▶ _WHAT THE TASK REQUIRES_
Would you please copy only the lines from the line that contains "Un salone doppio" to the end of the data below, exactly, leaving every picture out?

▶ _DATASET EXCERPT_
________

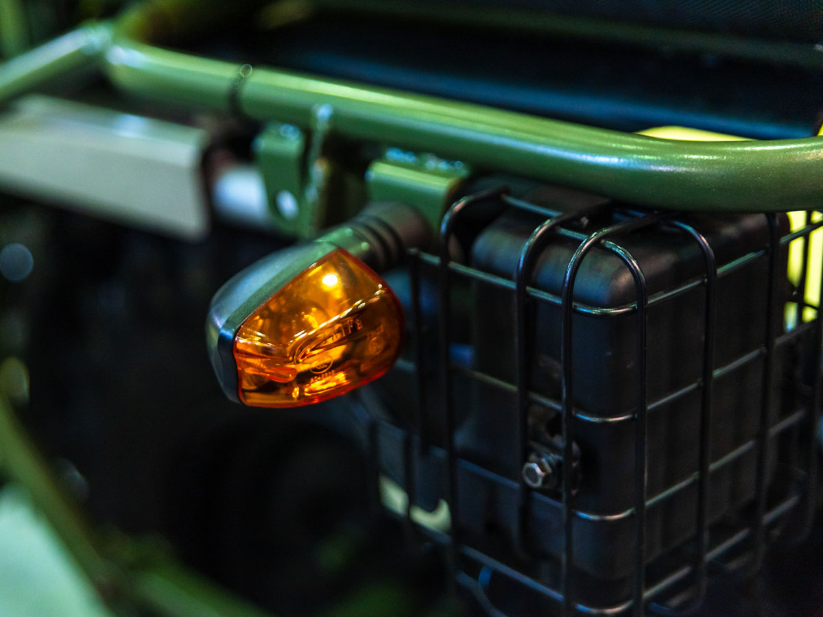 В нашей компании постепенно идёт подготовка к сертификации ATV 2×2 для передвижения по дорогам общего пользования. Поэтому на выставочном экземпляре также был установлен блок переключателей для задействования сигнала поворота и звукового сигнала».
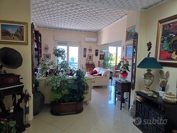 Un salone doppio luminosissimo con veranda fronte mare accoglie la zona giorno con attigua cucina abitabile con ripostiglio, mentre la zona notte offre tre ampie camere, una camera adibita a zona lavanderia, due bagni e spazi di servizio ben organizzati; doppio ingresso con zona giorno e zona notte disimpegnati.
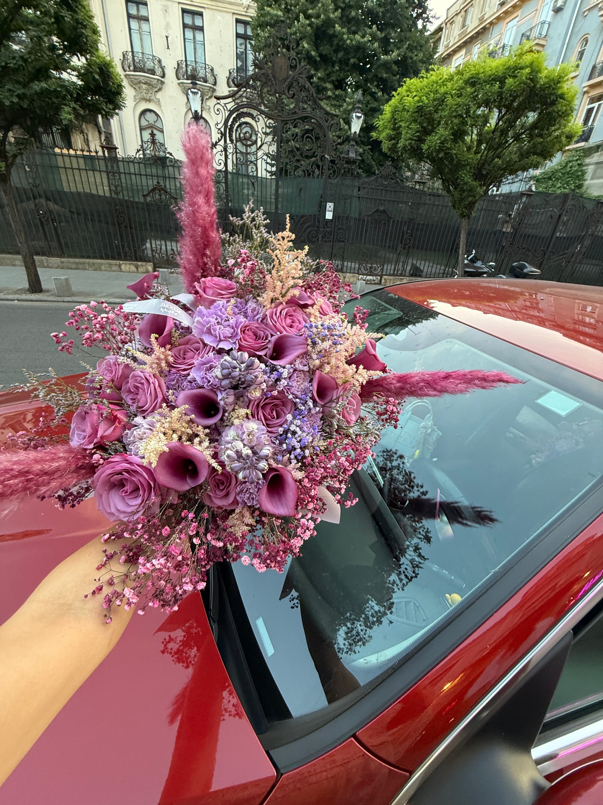 TRANDAFIRI, PAMPAS, GYPSOPHILA, LICIANTHUS, FLORI USCATE BEJ, LAVANDA SI PANGLICI
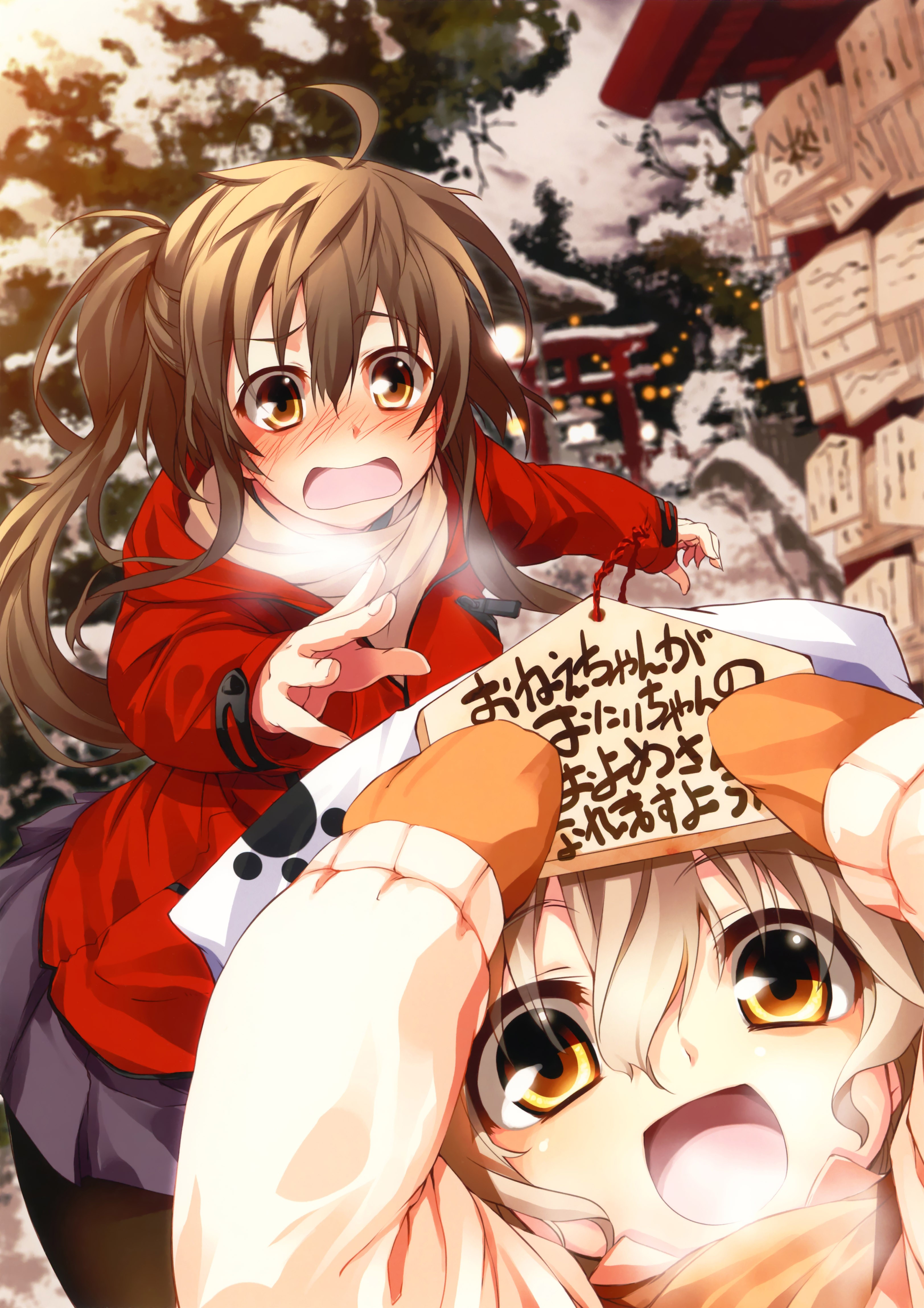 Trees snow winter Anime gloves coat scarfs long hair anime

________

▶ _SOLUTION FOR THIS EXERCISE_
 Un salone doppio luminosissimo con veranda fronte mare accoglie la zona giorno con attigua cucina abitabile con ripostiglio, mentre la zona notte offre tre ampie camere, una camera adibita a zona lavanderia, due bagni e spazi di servizio ben organizzati; doppio ingresso con zona giorno e zona notte disimpegnati.
 TRANDAFIRI, PAMPAS, GYPSOPHILA, LICIANTHUS, FLORI USCATE BEJ, LAVANDA SI PANGLICI
 Trees snow winter Anime gloves coat scarfs long hair anime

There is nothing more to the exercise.